Prancis khawatir akan serangan balasan dari militan yang bertempur di Suriah
PARIS (AFP) – Menteri Dalam Negeri Perancis mengungkapkan pada hari Kamis bahwa ratusan militan Islam yang tumbuh di dalam negeri telah mendaftar untuk berperang di Suriah dan memperingatkan bahwa mereka dapat menimbulkan ancaman keamanan ketika mereka kembali.
Lebih dari 300 warga negara atau penduduk Perancis saat ini sedang berperang dalam perang saudara di Suriah, berencana untuk berperang atau baru saja kembali dari perang tersebut, kata menteri, Manuel Valls, kepada radio France Inter.
Kebanyakan dari mereka adalah pemuda, sering kali memiliki riwayat kriminal, dan kemudian menjadi radikal, katanya.
“Fenomena ini membuat saya khawatir karena menimbulkan potensi bahaya ketika mereka kembali ke tanah kami,” kata Valls. “Kami harus sangat berhati-hati.”
Prancis, yang memiliki populasi Muslim terbesar di Eropa Barat, telah meningkatkan pemantauan terhadap kelompok radikal Islam sejak pria bersenjata yang terinspirasi al-Qaeda, Mohamed Merah, membunuh tujuh orang di dan sekitar kota Toulouse di barat daya tahun lalu.
Belakangan diketahui bahwa Merah pernah menghabiskan waktu di Pakistan dan Afghanistan dan intelijen Prancis mengetahui kontaknya dengan militan di kedua negara tersebut.
Para pejabat intelijen menangkap webmaster Perancis dari sebuah situs jihad pada hari Selasa atas tuduhan “memprovokasi” terorisme, kata jaksa Paris, menambahkan bahwa pria berusia 26 tahun yang masuk Islam itu juga berperan dalam menerjemahkan majalah-majalah yang diterbitkan oleh kelompok militan Al-Qaeda. di Semenanjung Arab.

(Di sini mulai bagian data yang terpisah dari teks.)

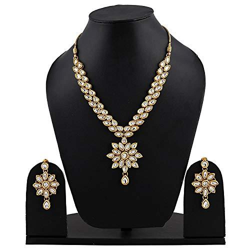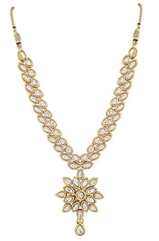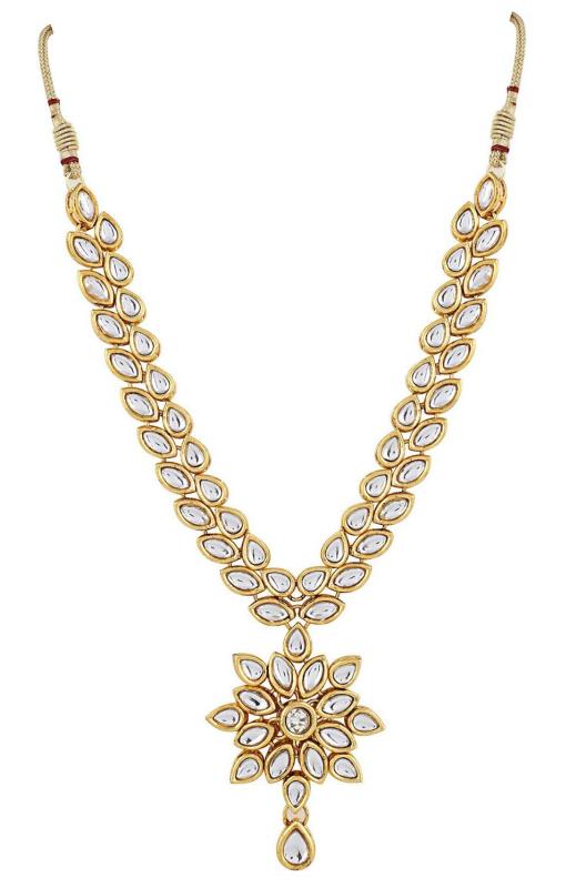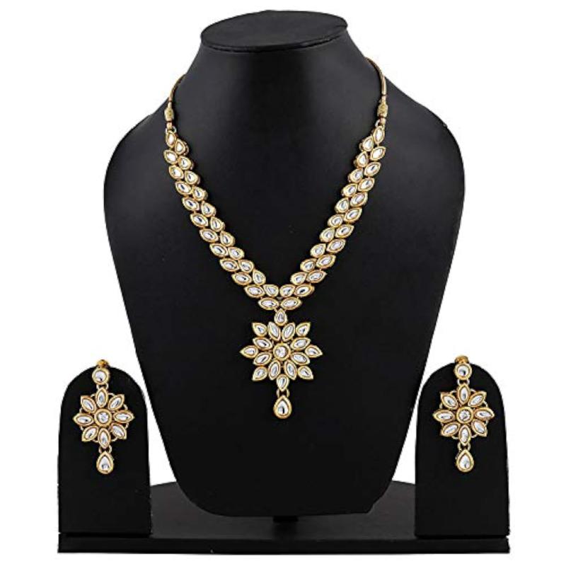 Enhance your ethnic look with this stunning jewelry set featuring intricate kundan work. Perfect for special occasions.

Menurut konsultan pertahanan Inggris IHS Jane’s, terdapat hingga 10.000 jihadis dari seluruh dunia yang saat ini berperang di Suriah untuk mendukung pemberontak yang berusaha menggulingkan Presiden Bashar al-Assad, yang rezimnya ingin menggantikan mereka dengan negara Islam.
Para ahli kontraterorisme khawatir serangan senjata kimia di dekat Damaskus pada tanggal 21 Agustus dapat menginspirasi lebih banyak kelompok radikal untuk melancarkan jihad, atau perang suci, di Suriah, sehingga menambah jumlah generasi baru militan yang mampu menimbulkan kekacauan ketika mereka kembali ke rumah. negara.
“Jika mereka tidak mampu mendirikan negara Islam di Suriah, mereka akan kembali dengan kecewa,” kata Marc Trevidic, hakim anti-terorisme terkemuka di Perancis, awal pekan ini.
Setidaknya satu warga negara Prancis tewas dalam pertempuran di Suriah – seorang warga kulit putih berusia 22 tahun yang masuk Islam dari Toulouse yang diidentifikasi hanya sebagai Jean-Daniel, tewas dalam bentrokan dengan pasukan pemerintah pada bulan Agustus.
Valls sebelumnya telah memperingatkan bahwa ada “beberapa lusin, mungkin beberapa ratus, calon Merah di negara kita” dan menggambarkan kehadiran mereka sebagai bom waktu.
Pada bulan Oktober 2012, polisi menembak mati tersangka pemimpin sel Islam yang diduga melakukan serangan granat di sebuah toko kelontong Yahudi di pinggiran kota Paris pada bulan sebelumnya.
Seorang jaksa telah mencap kelompok ekstremis Islam yang tumbuh di dalam negeri sebagai ancaman teror terbesar yang dihadapi negara tersebut sejak GIA yang berbasis di Aljazair melakukan serangkaian pemboman mematikan pada tahun 1990an.
Kelompok-kelompok Islam mengancam akan melakukan serangan di Perancis dan juga terhadap sasaran-sasaran Perancis setelah Paris melakukan intervensi di Mali awal tahun ini sebagai tanggapan terhadap kemajuan yang dibuat oleh kelompok-kelompok Islam yang mengambil kendali di bagian utara negara tersebut.
Mengutip laporan intelijen, Valls mengatakan ada lebih dari 130 warga atau penduduk Prancis yang saat ini berperang di Suriah, sekitar 50 orang telah kembali ke rumah, sekitar 40 orang berada di daerah transit, dan sekitar 100 orang kemungkinan akan melakukan perjalanan ke Suriah.